- Venue: Shelbourne Park
- Location: Dublin
- End date: 11 August
- Total prize money: £500 (winner)

= 1956 Irish Greyhound Derby =

Birish greyhound racing event

The 1956 Irish Greyhound Derby took place during July and August with the final being held at Shelbourne Park in Dublin on 11 August 1956.

The winner Keep Moving won £500 and was trained by Tommy Ferguson and owned by Mrs Kathleen McBride.

== Final result ==
At Shelbourne, 11 August (over 525 yards):

| Position | Name of Greyhound | Breeding | Trap | SP | Time | Trainer |
|---|---|---|---|---|---|---|
| 1st | Keep Moving | Imperial Dancer – California | 1 | 9/4 | 29.18 | Tommy Ferguson |
| 2nd | Prince of Bermuda | Champion Prince – Sunora | 6 | 4/9f | 29.38 | Ger McKenna |
| 3rd | Baytown Dell | Ollys Pal – Baytown Brunette | 4 | 10/1 | 29.62 | Paddy Barry |
| 4th | The Glider | Jeffs Pal – Lamour | 5 | 25/1 | 30.09 | Bernard Maren |
| 5th | Mr Taptoes | unknown | 3 | 50/1 |  |  |
| 6th | Easter Orals | unknown | 2 | N/R |  |  |

=== Distances ===
2½, 3, 6 (lengths)

== Competition Report==
The 1956 Derby resulted in an exciting competition despite the fact that Spanish Battleship was now retired. A greyhound called Keep Moving broke the track record at Shelbourne, recording 29.49 before the event got underway. He had been bought for 700 guineas by Mrs McBride at the Shelbourne sales.

On 21 July Keep Moving bettered his own record by recording 29.40 in the first round.

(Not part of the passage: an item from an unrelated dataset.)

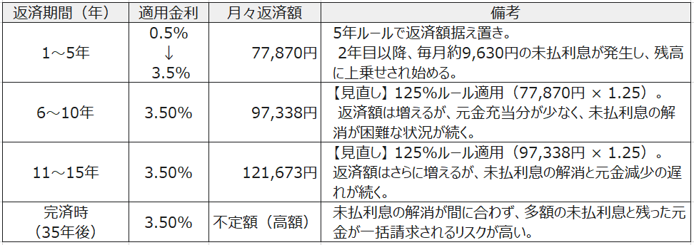6年目以降: 返済額は125%ずつ増えますが、繰り延べられた未払利息を抱えているため、元金の減り方が遅れ、最終的にローン期間内で完済できなくなる可能性が高くなります。

Then in heat three of the first round, a brindle dog called Prince of Bermuda was fast away and gained an easy victory; when the time was announced as 28.98 the Irish greyhound world was left stunned. The 29 second barrier had been broken for the first time.

Both of the greyhounds won their second round heats with Prince of Bermuda posting 29.20. In the semi-finals the pair met in the same heat with Prince of Bermuda defeating his main rival by three lengths in 29.35. The second semi-final ended with a win for Baytown Dell; The Glider and Easter Orals claimed the remaining qualification berths.

In an eagerly awaited final Keep Moving broke first with Prince of Bermuda attempting but failing to pass at the first bend. Keep Moving ran a superb race in 29.10 to hold off Prince of Bermuda for victory by two and a half lengths.